:: TASK OBJECTIVE ::
Return all of the data exactly, with nothing left out but the pictures.

(Collected data entries)

┌────────

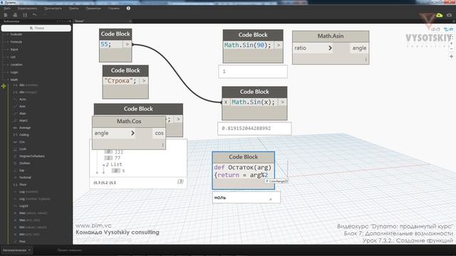 Понятие функции. Создание функций на Design Script. Возможность применения созданной функции во всём текущем скрипте Dynamo. Ноды: Code Block Урок из видеокурса «Dynamo: Продвинутый уровень». Средний. Дополнительные материалы доступны на портале: https://bim.vc/edu/courses/dynamo-prodvinutyy-uroven/ Автор курса: Сергей Кривой — Ведущий системный аналитик | ПИК Digital | Автор Полный список бесплатных видеокурсов: https://bim.vc/edu/courses/ Другие популярные бесплатные курсы: Autodesk Revit Архитектура: https://bim.vc/edu/courses/autodesk-revit-arkhitektura-prodvinutyy-uroven/ Autodesk BIM 360: https://bim.vc/edu/courses/autodesk-bim-360-prodvinutyy-kurs/ Autodesk Revit Семейства: https://bim.vc/edu/courses/autodesk-revit-semeystva-prodvinutyy-uroven/ Autodesk Revit Электрика Продвинутый: https://bim.vc/edu/courses/autodesk-revit-elektrika-prodvinutyy-uroven/ Autodesk Revit ОВ/ВК: https://bim.vc/edu/courses/autodesk-revit-mep-prodvinutyy-uroven/ Dynamo: https://bim.vc/edu/courses/dynamo-prodvinutyy-uroven/ BIM-менеджмент: https://bim.vc/edu/courses/bim-menedzher-administrirovanie-i-sovmestnaya-rabota/ Autodesk Navisworks: https://bim.vc/edu/courses/autodesk-navisworks-bazovyy-uroven/ Подпишитесь на новости, чтобы сразу узнавать о новых материалах: https://vk.com/bimvc https://www.facebook.com/bimvc/ https://t.me/bimvc/ О компании: Vysotskiy consulting с 2012 развивает BIM-кадры: Для частных лиц мы публикуем бесплатные курсы, тесты и формируем открытые профили на bim.vc. По ним вы можете получить новые знания, подтвердить их в экзаменах, сформировать открытый профиль и найти работу мечты. Компании могут оценить знания сотрудников и соискателей в удобной и наглядной среде — определить сильных и тех, кого нужно доучить. Также мы проводим корпоративные курсы, являемся авторизованным учебным центром Autodesk и Bentley, имеем статус «BIM-лидер Россия 2021». Среди клиентов — ПИК, Росатом, Рив Гош, AECOM и множество других корпораций, гос. компаний и холдингов. Для вузов мы разрабатываем уникальные учебные программы, совмещающие развитие навыков BIM-менеджмента и soft-skills. По всем вопросам сотрудничества обращайтесь по адресу: contact@bim.vc К сожалению, в связи с большой рабочей загрузкой мы не имеем возможности отвечать на комментарии к урокам, но мы будем благодарны за обратную связь и идеи по улучшению материала. Расскажите, полезен ли был материал? Получилось ли повторить опыт автора? А может быть, у вас есть альтернативный опыт, которым вы можете поделиться?
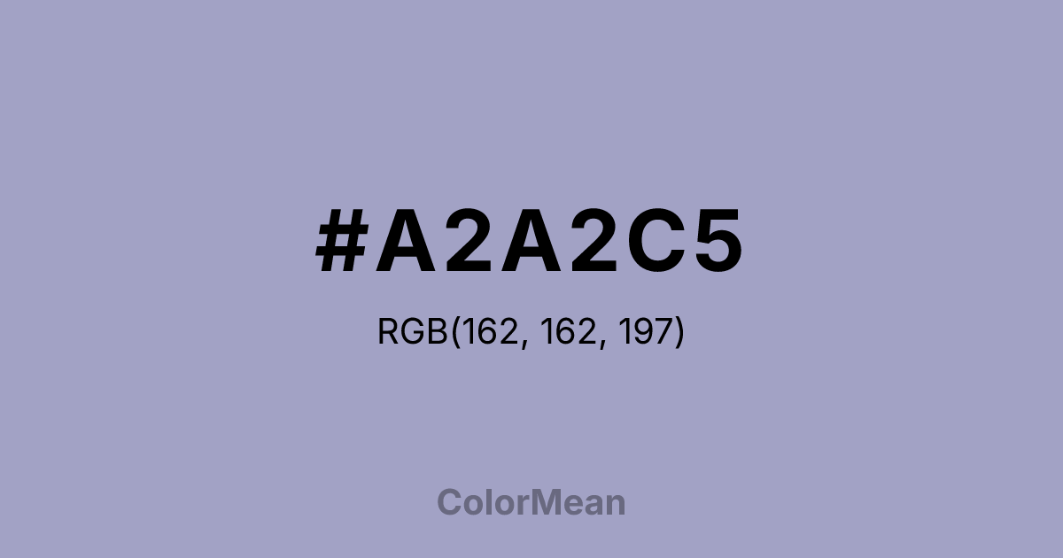 #A2A2C5 RGB value is (162, 162, 197). The hex color red value is 162, green is 162, and blue is 197. Its HSL format shows a hue of 240°, saturation of 23 percent, and lightness of 70 percent. The CMYK process values are 18 percent, 18 percent, 0 percent, 23 percent.
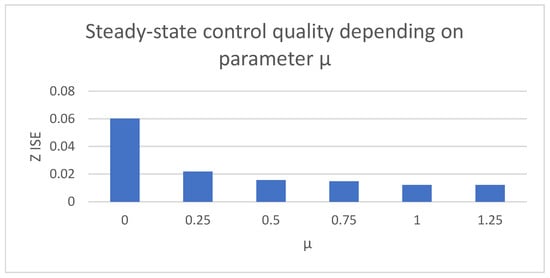 Table 3 shows the control measures collected for the steady-state case of the quadcopter altitude signal. Depending on the used value of the µ parameter, it is possible to obtain significantly different results; for µ = 0, a case with classic discontinuous control with constant amplitude was obtained. Increasing the µ parameter leads to a decrease in the influence of chattering on the system. A comparison is shown in Figure 24. The higher the µ value, the better the quality of the control in the steady state. The waveforms presenting the chattering occurring on the quadcopter altitude signal are presented below.
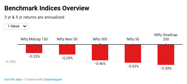 In the domestic benchmark indices, the week was uniformly weak. Most indices were down between a quarter and half a percent.
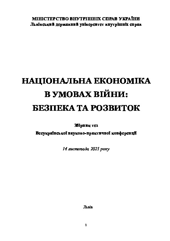 | Publication: | збірник тез Всеукраїнської науково-практичної конференції. 14 листопада, 2025 р. Україна. м. Львів, Львівський державний університет внутрішніх справ, 2025. С. 322–325. URL: https://drive.google.com/file/d/1C4DpokoCkd-ylRhcdwmshnHptakPGAyK/view |
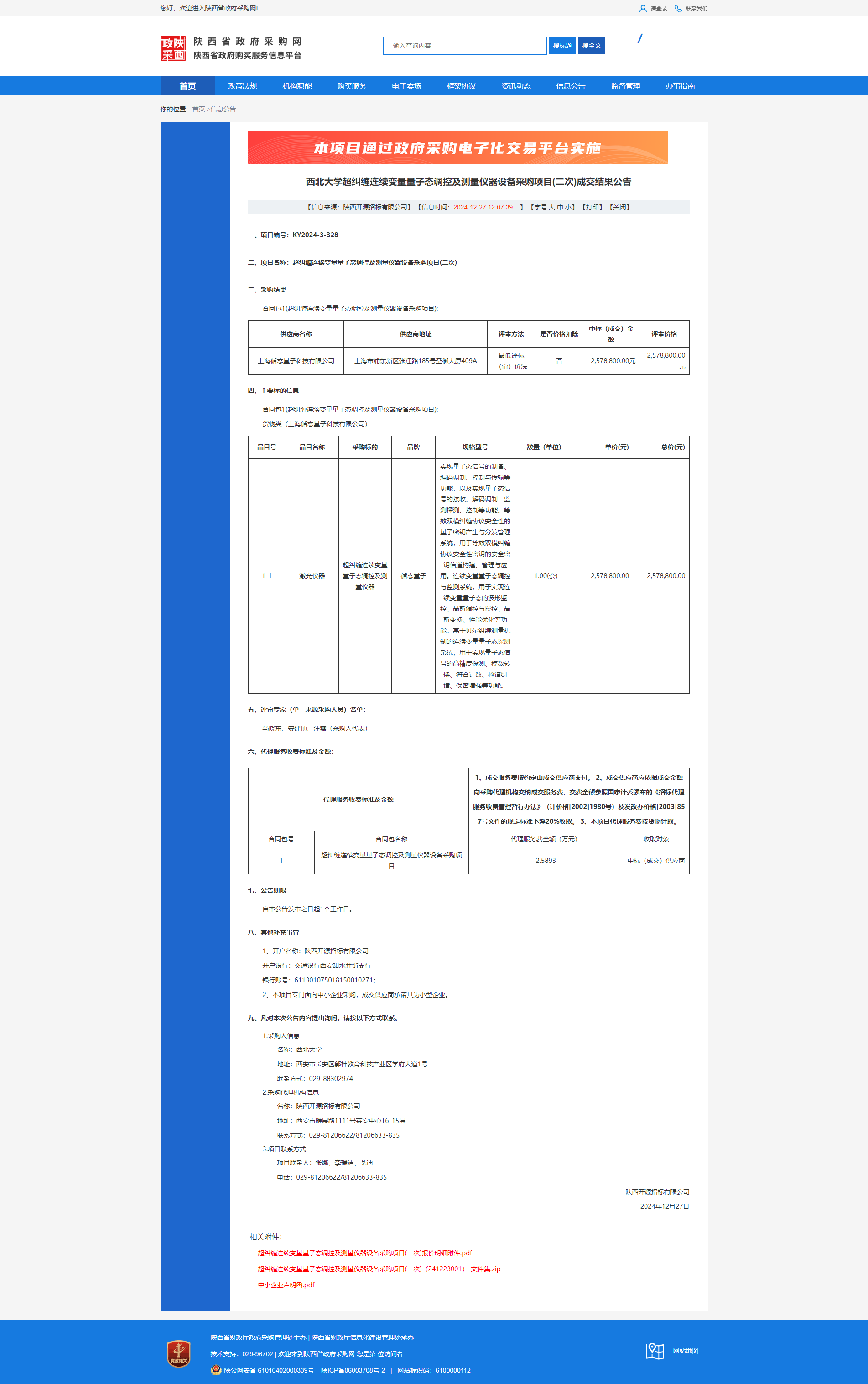 西北大学超纠缠连续变量量子态调控及测量仪器设备采购项目(二次)成交结果公告

└────────

:: TASK RESULT ::
 Понятие функции. Создание функций на Design Script. Возможность применения созданной функции во всём текущем скрипте Dynamo. Ноды: Code Block Урок из видеокурса «Dynamo: Продвинутый уровень». Средний. Дополнительные материалы доступны на портале: https://bim.vc/edu/courses/dynamo-prodvinutyy-uroven/ Автор курса: Сергей Кривой — Ведущий системный аналитик | ПИК Digital | Автор Полный список бесплатных видеокурсов: https://bim.vc/edu/courses/ Другие популярные бесплатные курсы: Autodesk Revit Архитектура: https://bim.vc/edu/courses/autodesk-revit-arkhitektura-prodvinutyy-uroven/ Autodesk BIM 360: https://bim.vc/edu/courses/autodesk-bim-360-prodvinutyy-kurs/ Autodesk Revit Семейства: https://bim.vc/edu/courses/autodesk-revit-semeystva-prodvinutyy-uroven/ Autodesk Revit Электрика Продвинутый: https://bim.vc/edu/courses/autodesk-revit-elektrika-prodvinutyy-uroven/ Autodesk Revit ОВ/ВК: https://bim.vc/edu/courses/autodesk-revit-mep-prodvinutyy-uroven/ Dynamo: https://bim.vc/edu/courses/dynamo-prodvinutyy-uroven/ BIM-менеджмент: https://bim.vc/edu/courses/bim-menedzher-administrirovanie-i-sovmestnaya-rabota/ Autodesk Navisworks: https://bim.vc/edu/courses/autodesk-navisworks-bazovyy-uroven/ Подпишитесь на новости, чтобы сразу узнавать о новых материалах: https://vk.com/bimvc https://www.facebook.com/bimvc/ https://t.me/bimvc/ О компании: Vysotskiy consulting с 2012 развивает BIM-кадры: Для частных лиц мы публикуем бесплатные курсы, тесты и формируем открытые профили на bim.vc. По ним вы можете получить новые знания, подтвердить их в экзаменах, сформировать открытый профиль и найти работу мечты. Компании могут оценить знания сотрудников и соискателей в удобной и наглядной среде — определить сильных и тех, кого нужно доучить. Также мы проводим корпоративные курсы, являемся авторизованным учебным центром Autodesk и Bentley, имеем статус «BIM-лидер Россия 2021». Среди клиентов — ПИК, Росатом, Рив Гош, AECOM и множество других корпораций, гос. компаний и холдингов. Для вузов мы разрабатываем уникальные учебные программы, совмещающие развитие навыков BIM-менеджмента и soft-skills. По всем вопросам сотрудничества обращайтесь по адресу: contact@bim.vc К сожалению, в связи с большой рабочей загрузкой мы не имеем возможности отвечать на комментарии к урокам, но мы будем благодарны за обратную связь и идеи по улучшению материала. Расскажите, полезен ли был материал? Получилось ли повторить опыт автора? А может быть, у вас есть альтернативный опыт, которым вы можете поделиться?
 #A2A2C5 RGB value is (162, 162, 197). The hex color red value is 162, green is 162, and blue is 197. Its HSL format shows a hue of 240°, saturation of 23 percent, and lightness of 70 percent. The CMYK process values are 18 percent, 18 percent, 0 percent, 23 percent.
 Table 3 shows the control measures collected for the steady-state case of the quadcopter altitude signal. Depending on the used value of the µ parameter, it is possible to obtain significantly different results; for µ = 0, a case with classic discontinuous control with constant amplitude was obtained. Increasing the µ parameter leads to a decrease in the influence of chattering on the system. A comparison is shown in Figure 24. The higher the µ value, the better the quality of the control in the steady state. The waveforms presenting the chattering occurring on the quadcopter altitude signal are presented below.
 In the domestic benchmark indices, the week was uniformly weak. Most indices were down between a quarter and half a percent.
 | Publication: | збірник тез Всеукраїнської науково-практичної конференції. 14 листопада, 2025 р. Україна. м. Львів, Львівський державний університет внутрішніх справ, 2025. С. 322–325. URL: https://drive.google.com/file/d/1C4DpokoCkd-ylRhcdwmshnHptakPGAyK/view |
 西北大学超纠缠连续变量量子态调控及测量仪器设备采购项目(二次)成交结果公告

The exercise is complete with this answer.